Your Talent. Our Vision. At HealthSun, a proud member of the Anthem, Inc. family of companies, it's a powerful combination, and the foundation upon which we're creating greater access to care for our members, greater value for our customers, and greater health for our communities. Join us and together we will drive the future of health care.
This is an exceptional opportunity to do innovative work that means more to you and those we serve at one of America's leading health benefits companies and a Fortune Top 50 Company.
We have a Utilization Management Representative I that will be responsible for coordinating cases for precertification and prior authorization review.

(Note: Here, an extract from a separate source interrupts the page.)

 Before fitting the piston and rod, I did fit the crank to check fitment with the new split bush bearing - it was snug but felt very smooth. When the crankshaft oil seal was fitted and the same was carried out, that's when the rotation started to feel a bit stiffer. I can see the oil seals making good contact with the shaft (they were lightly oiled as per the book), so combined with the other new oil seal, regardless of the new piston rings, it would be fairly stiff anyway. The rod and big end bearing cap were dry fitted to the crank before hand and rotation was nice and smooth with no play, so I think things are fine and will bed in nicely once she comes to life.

Must be able to successfully perform all the duties of the Utilization Management Representative.
Primary duties may include, but are not limited:
Managing incoming calls.
Monitor and distribute all incoming and outgoing faxes.

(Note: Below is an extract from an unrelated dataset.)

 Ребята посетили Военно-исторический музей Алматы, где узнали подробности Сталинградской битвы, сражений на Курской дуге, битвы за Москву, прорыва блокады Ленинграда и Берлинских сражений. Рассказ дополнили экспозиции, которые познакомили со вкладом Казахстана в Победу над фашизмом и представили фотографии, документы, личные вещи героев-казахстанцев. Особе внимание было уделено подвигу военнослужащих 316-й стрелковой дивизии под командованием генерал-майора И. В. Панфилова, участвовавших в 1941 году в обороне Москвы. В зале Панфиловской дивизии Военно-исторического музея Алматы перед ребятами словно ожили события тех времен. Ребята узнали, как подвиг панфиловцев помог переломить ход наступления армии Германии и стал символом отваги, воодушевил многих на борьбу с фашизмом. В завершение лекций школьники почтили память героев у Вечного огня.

Process referral requests (following the pre-cert department process & protocol): Outpatient Services, in-office procedures and or visits, DME, Home Health, Infusion services, enter authorization for hospital admissions and or any service that may require Pre-Certification.

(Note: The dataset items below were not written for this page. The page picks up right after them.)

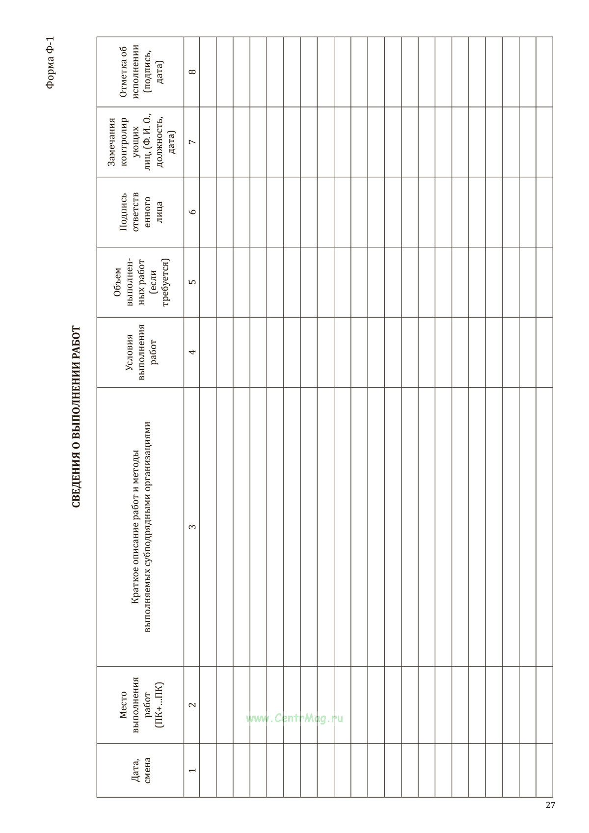 Систематические сведения о выполнении работ (с начала и до завершения) должны записываться в разделе "Сведения о выполнении работ".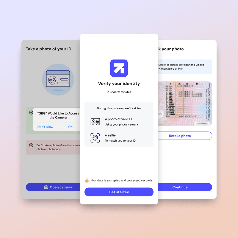 Mobile and web app UI design focused on trust, usability, and conversion, supporting secure identity verification flows across regulated and high-risk environments.
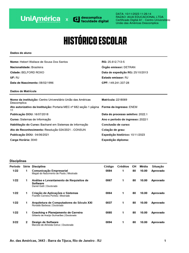 3/22 2 Design de Software 0094 1 80 10.00 Aprovado

Utilize established criteria and knowledge of benefits and group contracts to determine coverage of requested services.
Refers cases requiring clinical review to a Nurse reviewer/Medical Director.
Responsible for the identification and data entry of referral requests into the UM system in accordance the Health Plan's EOC.
Responds to telephone and written inquiries from clients, providers and in-house departments.
Develops and maintains positive customer relations and coordinates with various functions within the company to ensure customer requests and questions are handled appropriately and in a timely manner.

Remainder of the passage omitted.